Repeat the data word for word. Do not include the pictures.

> [RECORDED INFORMATION]:
=====

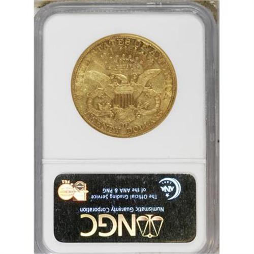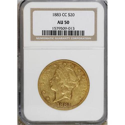 <B>1883-CC $20 AU50 NGC.</B></I> A lightly worn, but still crisp example. The surfaces are clean and luster is still present in the protected areas. A single vertical scratch in the left obverse field between Liberty's nose and mouth is noted. Although the original mintage was modest at 59,962 pieces, the 1883-CC is one of the more available Carson City double eagles. <BR><BR><B>Coin Engraver:</B> James B. Longacre<BR><BR><b>Shipping:</b> Coins & Currency (<a target="_blank" href="http://www.heritageauctions.com/common/shipping.php">view shipping information</a>)
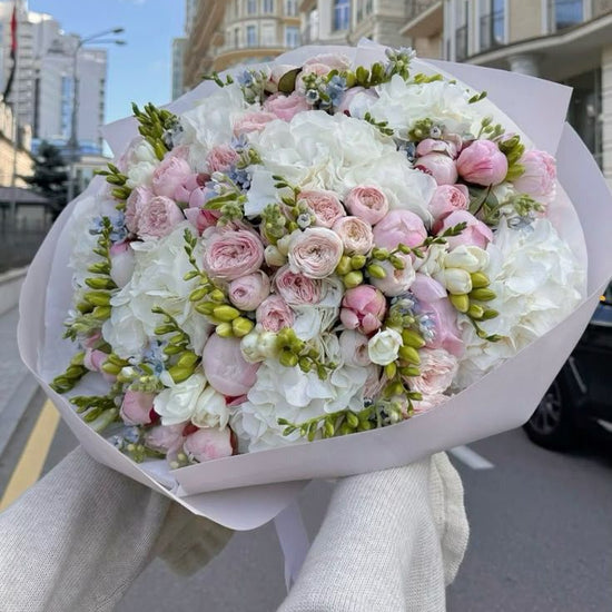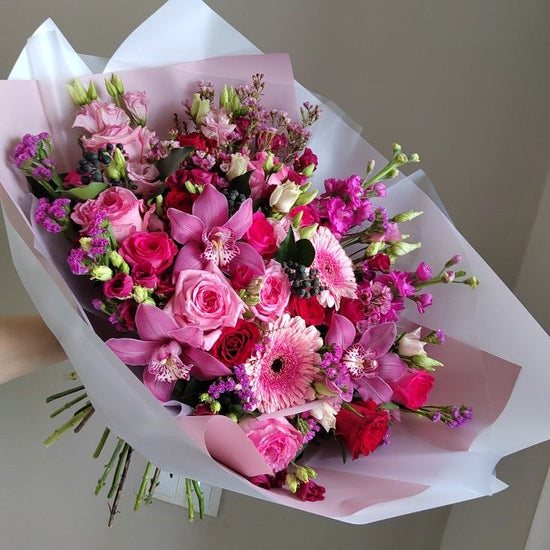 A bold and abundant hand-tied luxury bouquet designed from seasonal premium flowers—roses, anemones, ranunculus, tulips, hydrangea, orchids, lilies, peonies, and a rotating sweet selection. May not be exactly as pictured. Delivered in a bucket or very large vase
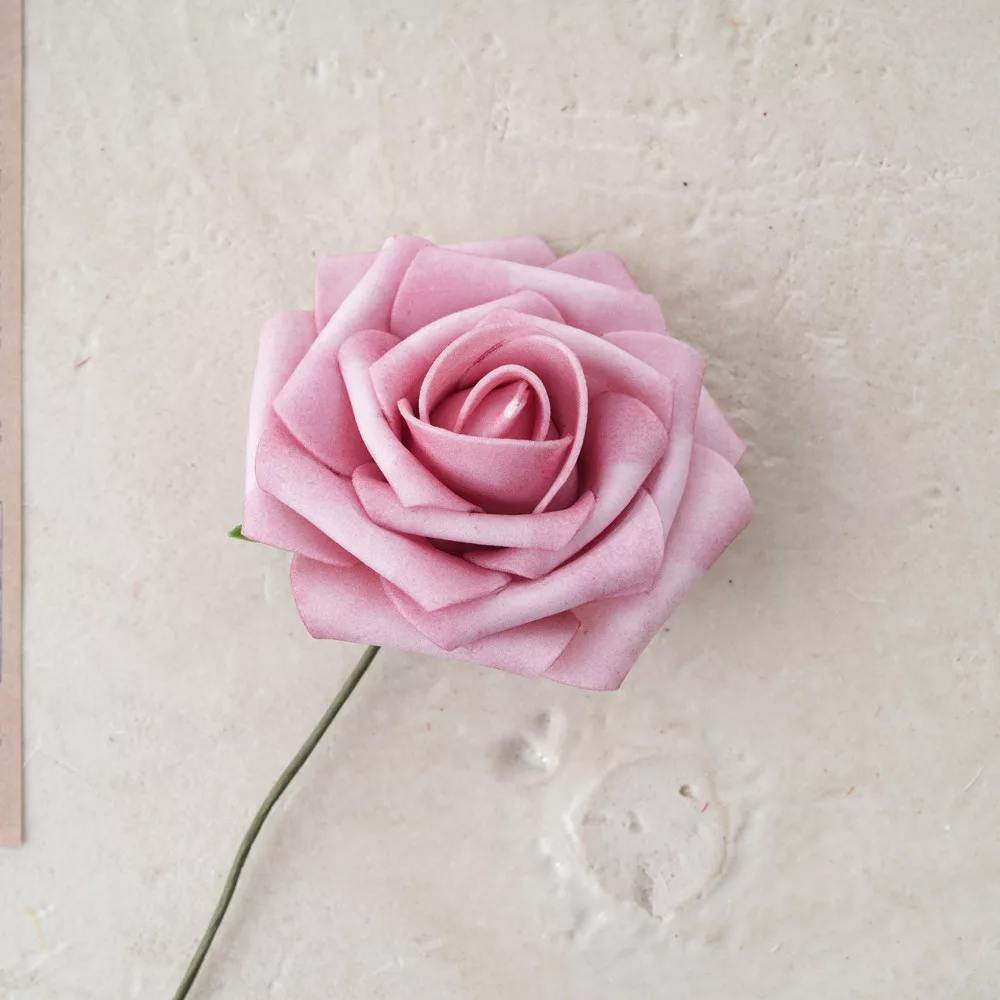 Rózsa selyemvirág szál, 23cm - Rózsaszín
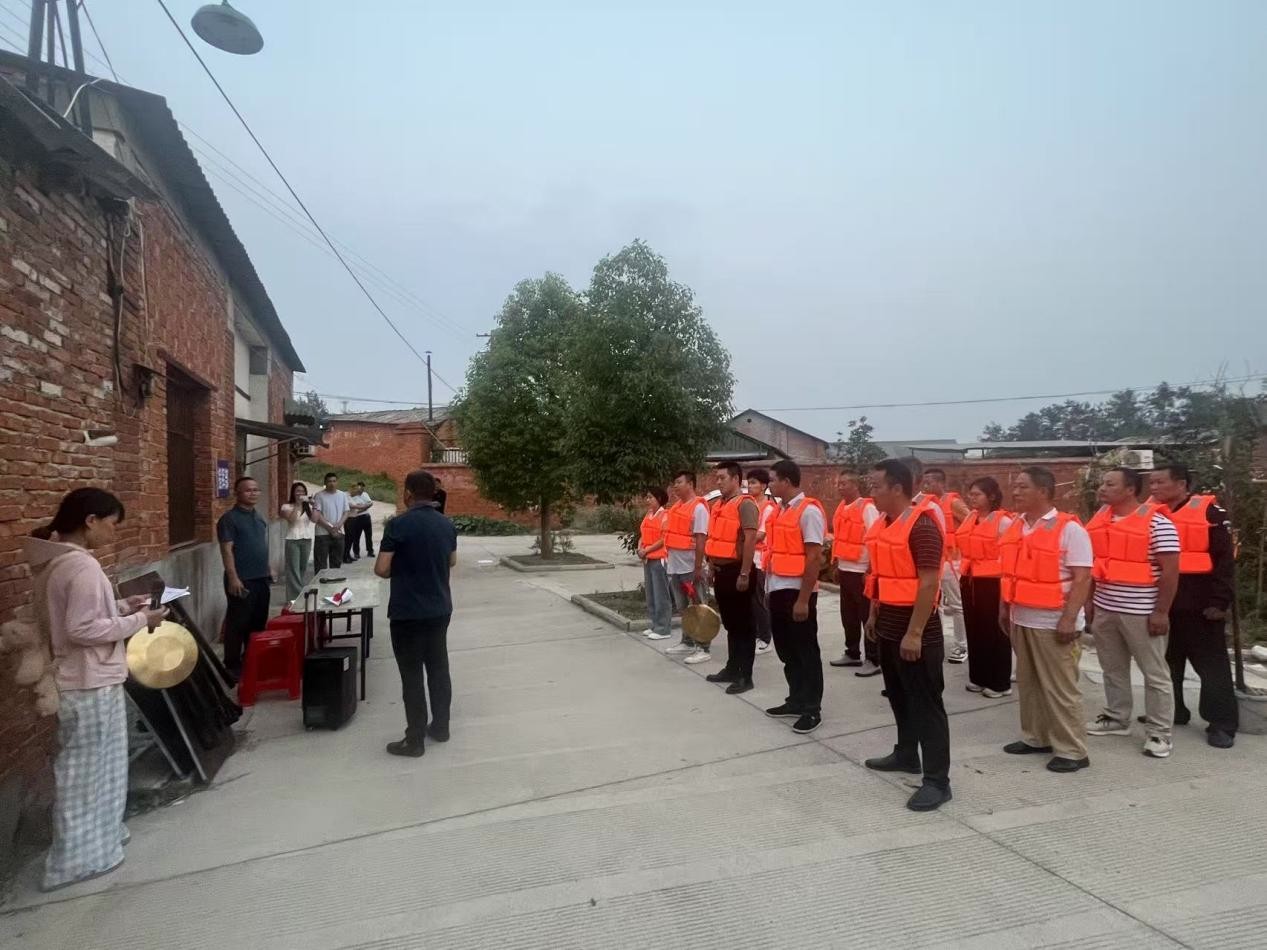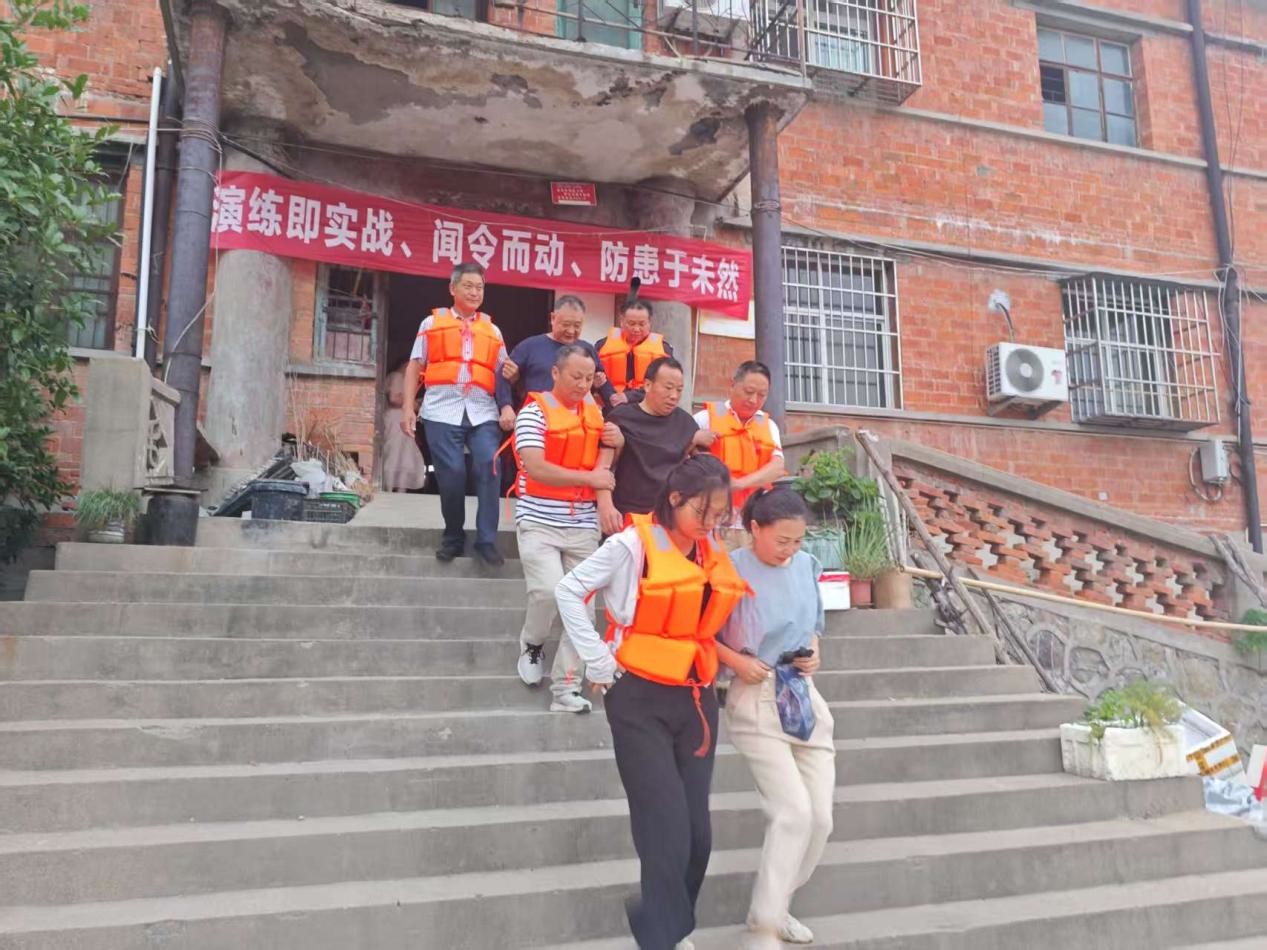 接到搶險轉移命令后,防汛指揮部各工作組的小組成員立即到崗到位,隨著敲鑼聲和防空警報聲響起,小組成員迅速到戶通知并護送居民轉運到臨時安置點。

=====

> [EXERCISE SOLUTION]:
 <B>1883-CC $20 AU50 NGC.</B></I> A lightly worn, but still crisp example. The surfaces are clean and luster is still present in the protected areas. A single vertical scratch in the left obverse field between Liberty's nose and mouth is noted. Although the original mintage was modest at 59,962 pieces, the 1883-CC is one of the more available Carson City double eagles. <BR><BR><B>Coin Engraver:</B> James B. Longacre<BR><BR><b>Shipping:</b> Coins & Currency (<a target="_blank" href="http://www.heritageauctions.com/common/shipping.php">view shipping information</a>)
 A bold and abundant hand-tied luxury bouquet designed from seasonal premium flowers—roses, anemones, ranunculus, tulips, hydrangea, orchids, lilies, peonies, and a rotating sweet selection. May not be exactly as pictured. Delivered in a bucket or very large vase
 Rózsa selyemvirág szál, 23cm - Rózsaszín
 接到搶險轉移命令后,防汛指揮部各工作組的小組成員立即到崗到位,隨著敲鑼聲和防空警報聲響起,小組成員迅速到戶通知并護送居民轉運到臨時安置點。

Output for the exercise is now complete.